Material for this exercise →
--*--

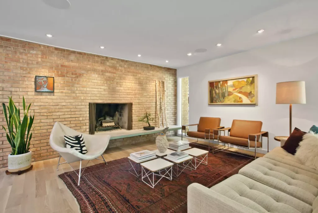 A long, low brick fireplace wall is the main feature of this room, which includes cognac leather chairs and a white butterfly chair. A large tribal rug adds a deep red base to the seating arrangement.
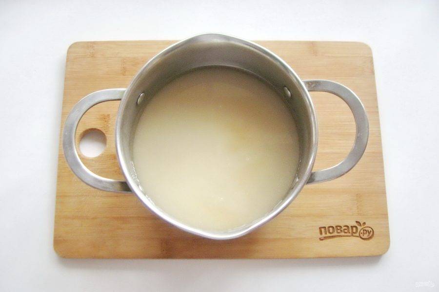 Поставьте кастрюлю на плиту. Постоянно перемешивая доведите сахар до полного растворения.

--*--

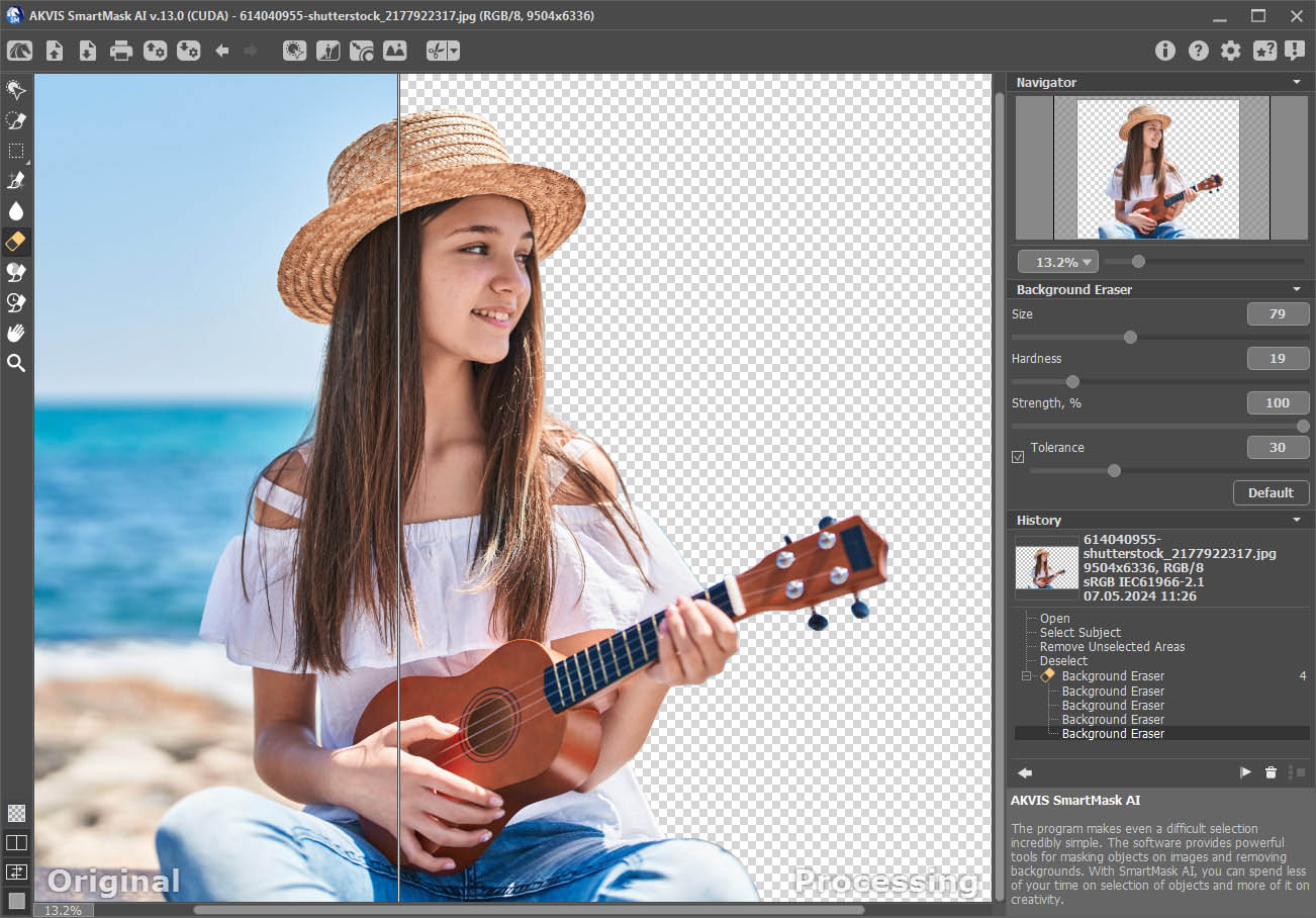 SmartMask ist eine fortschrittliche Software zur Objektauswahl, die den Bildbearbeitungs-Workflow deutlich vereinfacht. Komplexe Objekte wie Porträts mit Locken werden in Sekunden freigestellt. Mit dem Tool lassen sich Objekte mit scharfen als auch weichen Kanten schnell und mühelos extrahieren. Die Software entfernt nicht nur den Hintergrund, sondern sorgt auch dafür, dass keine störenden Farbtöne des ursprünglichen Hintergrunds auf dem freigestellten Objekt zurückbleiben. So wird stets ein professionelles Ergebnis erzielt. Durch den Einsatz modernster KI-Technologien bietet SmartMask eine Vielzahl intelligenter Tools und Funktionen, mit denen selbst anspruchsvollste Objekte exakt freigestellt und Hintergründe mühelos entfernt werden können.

--*--

What you should do → Transcribe, word for word, the stretch of lines in the data above from the one with "A long, low" through the one with "Поставьте кастрюлю на"; omit all pictures.

Solution to this task →
 A long, low brick fireplace wall is the main feature of this room, which includes cognac leather chairs and a white butterfly chair. A large tribal rug adds a deep red base to the seating arrangement.
 Поставьте кастрюлю на плиту. Постоянно перемешивая доведите сахар до полного растворения.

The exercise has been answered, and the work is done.